All hail Pink Floyd! Of the generation of bands that embarked upon the exhilarating project of taking over from where The Beatles left off in the expansion of  rock beyond the confines of pop, Pink Floyd were the most successful. After producing The Piper At The Gates Of Dawn, the album that best represents the knowing charm and liberating spirit of the best of late sixties English counter-culture, Pink Floyd mutated, via post-psychedelic pastoral adventures, into the definitive purveyors of symphonic rock. For all Floyd's sophistication and earnestness, their monuments to contemporary alienation struck deep emotional chords with many listeners, and the commercial success of their avant-garde rock has been phenomenal. Even Pope Johnny Rotten conferred upon them a certain kudos by famously wearing an ‘I hate Pink Floyd' tee-shirt.
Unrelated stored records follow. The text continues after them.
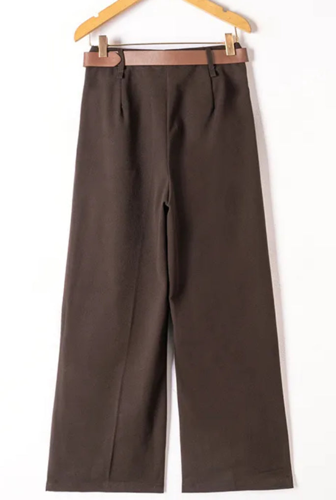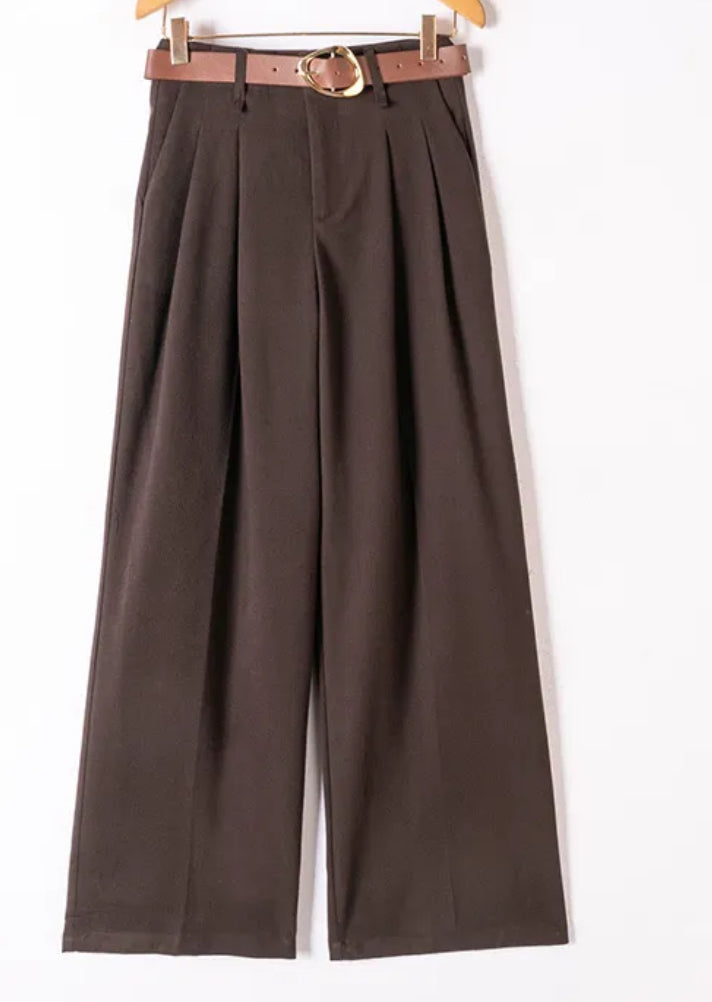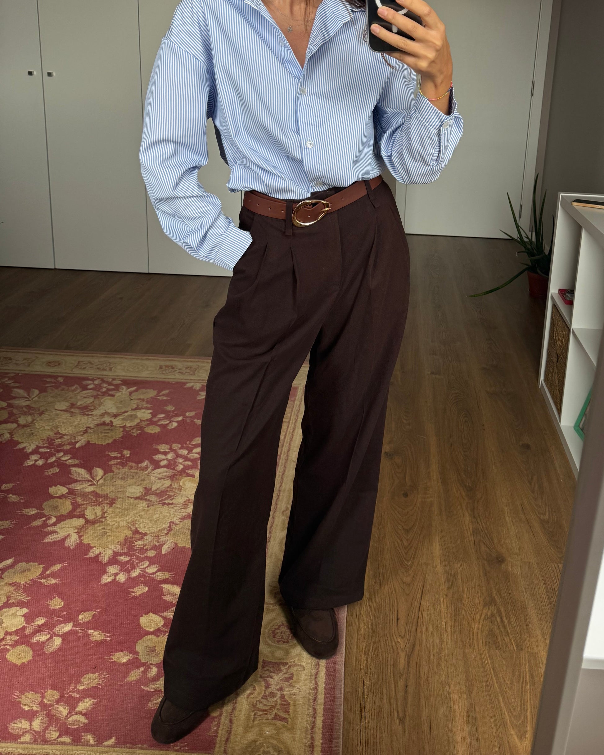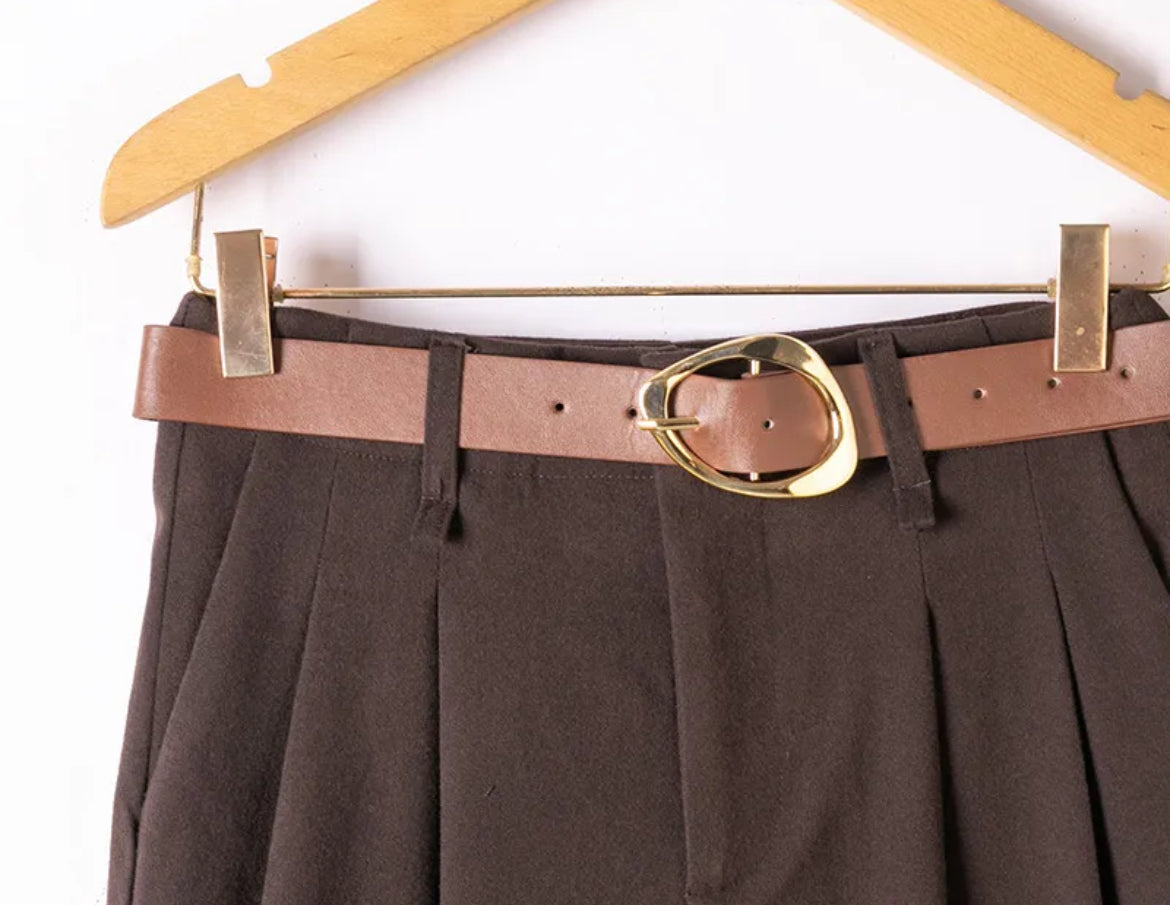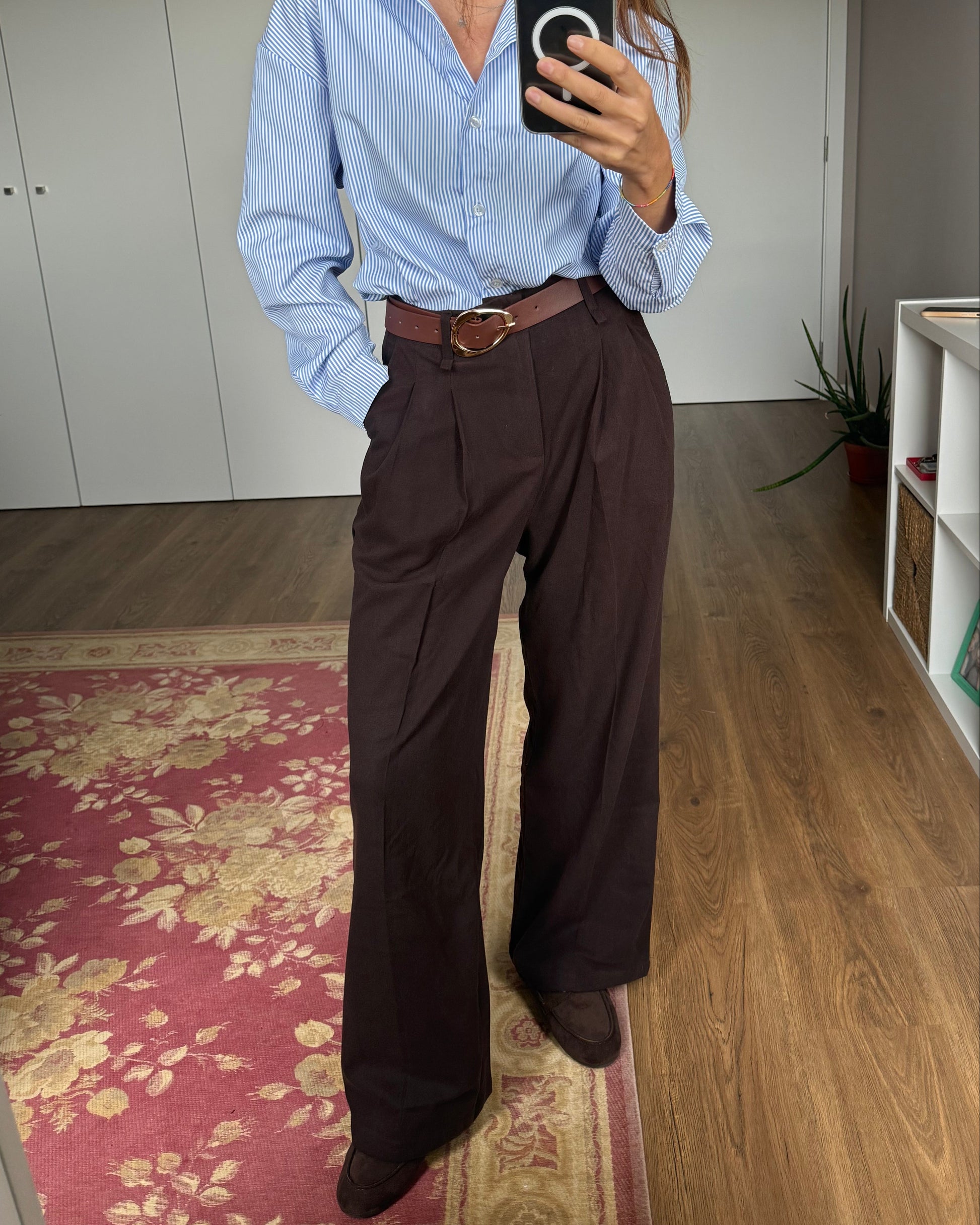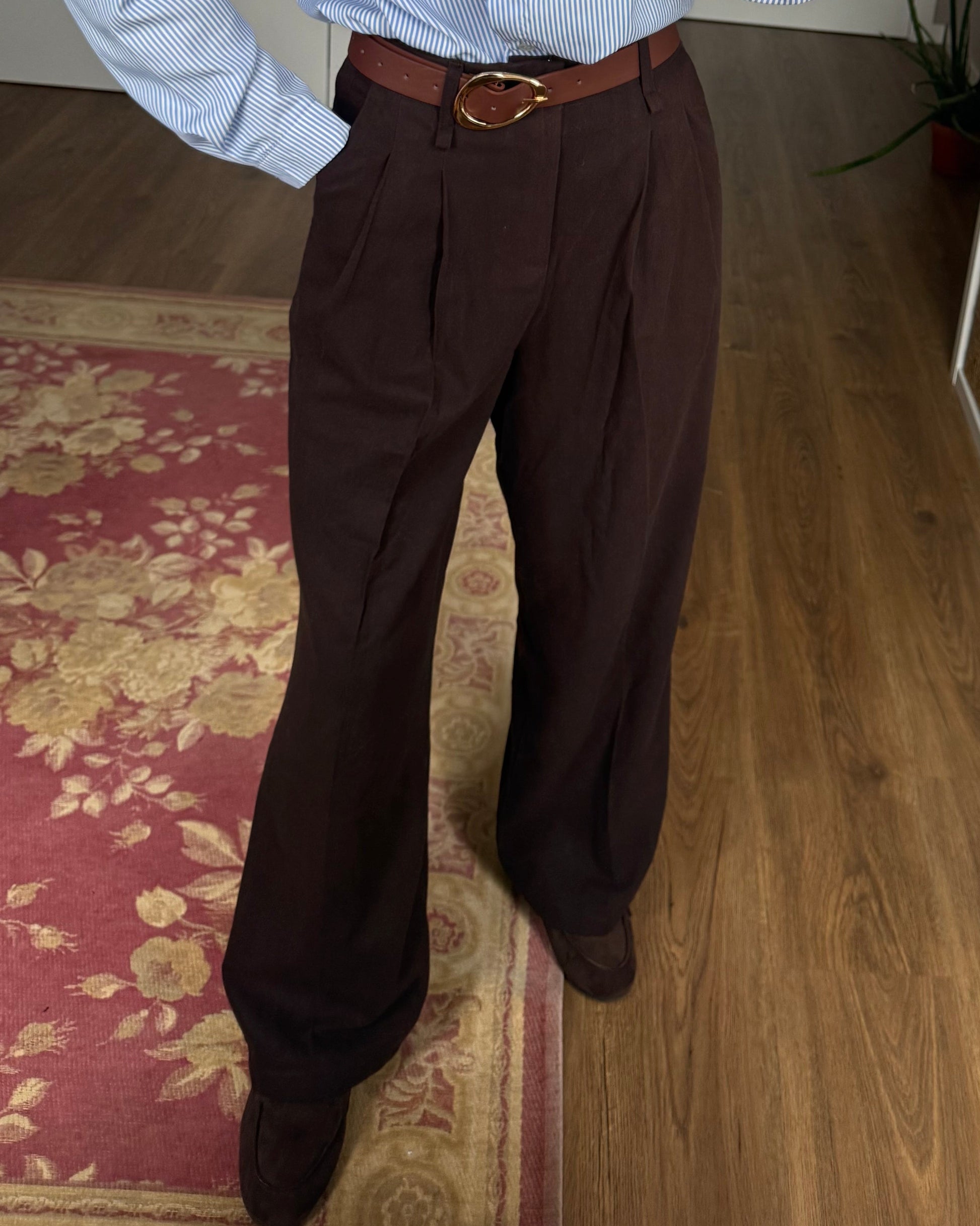 Calças de Alfaiataria com corte elegante. Cintura subida. Perna larga. Cinto castanho incluido.
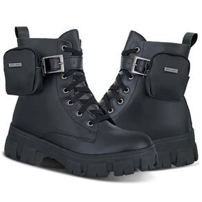 Bota Feminina Coturno Tratorada Cano Médio Cadarço Casual - 40 - Preto
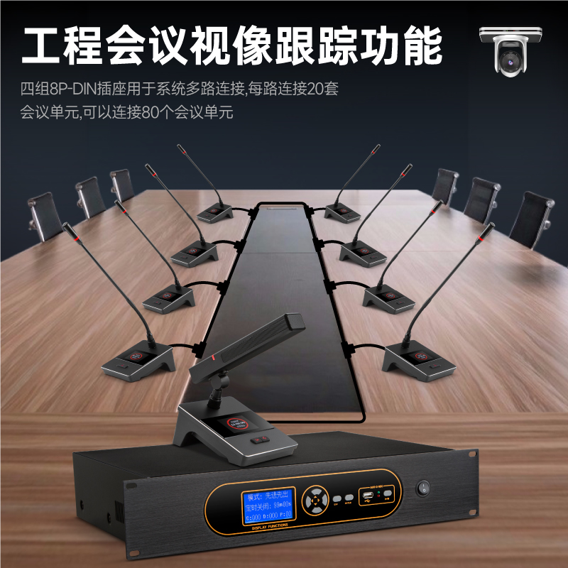 有线手拉手会议系统视像跟踪台式鹅颈话筒会议室双方管短杆麦克风

And furthermore, the three most important members grew up in Cambridge.

 

The Floyd never bothered with exuding personal charisma, nor was virtuoso showman  musicianship quite their forte. A large proportion of their present-day fans (including me) never saw them live, and most of those that did only in stadia far larger than The Junction.  So a tribute band has potential. Without the special effects that characterised the later Floyd shows, tonight's presentation evoked more the Floyd at the start of the seventies - four unprepossessing longhaired guys in jeans and tee-shirts playing such wonderfully introspective music. Oh, the deep, delicate nuances of keyboards and guitar on Shine On You Crazy Diamond, Think Floyd's opening number. Echoes worked best of all. Dark Side of The Moon was represented impressively, with most of the tracks getting an airing. Backing vocalist Hayley Sanderson came into her own on The Great Gig In The Sky. Without scope for visual extravagance, the tracks from the grandiose psychodrama The Wall (in which the original Floyd forsook their laid-back cool) fared slightly less well, until Comfortably Numb provided a fitting encore. Think Floyd attempted little other than to reproduce faithfully, and in this they succeeded, to their considerable credit as instrumentalists, with only the lead vocals somewhat weak.

 

Classical symphonies are regularly reproduced by musicians with no affiliation to the composer or original players, so why shouldn't Floyd fans gather and enjoy a sincere musical tribute? The gig was well attended, the band much applauded. Vintage progressive rock lives on: hurrah, that's nice. ‘Is there anybody [still] out there?' Yes, most certainly.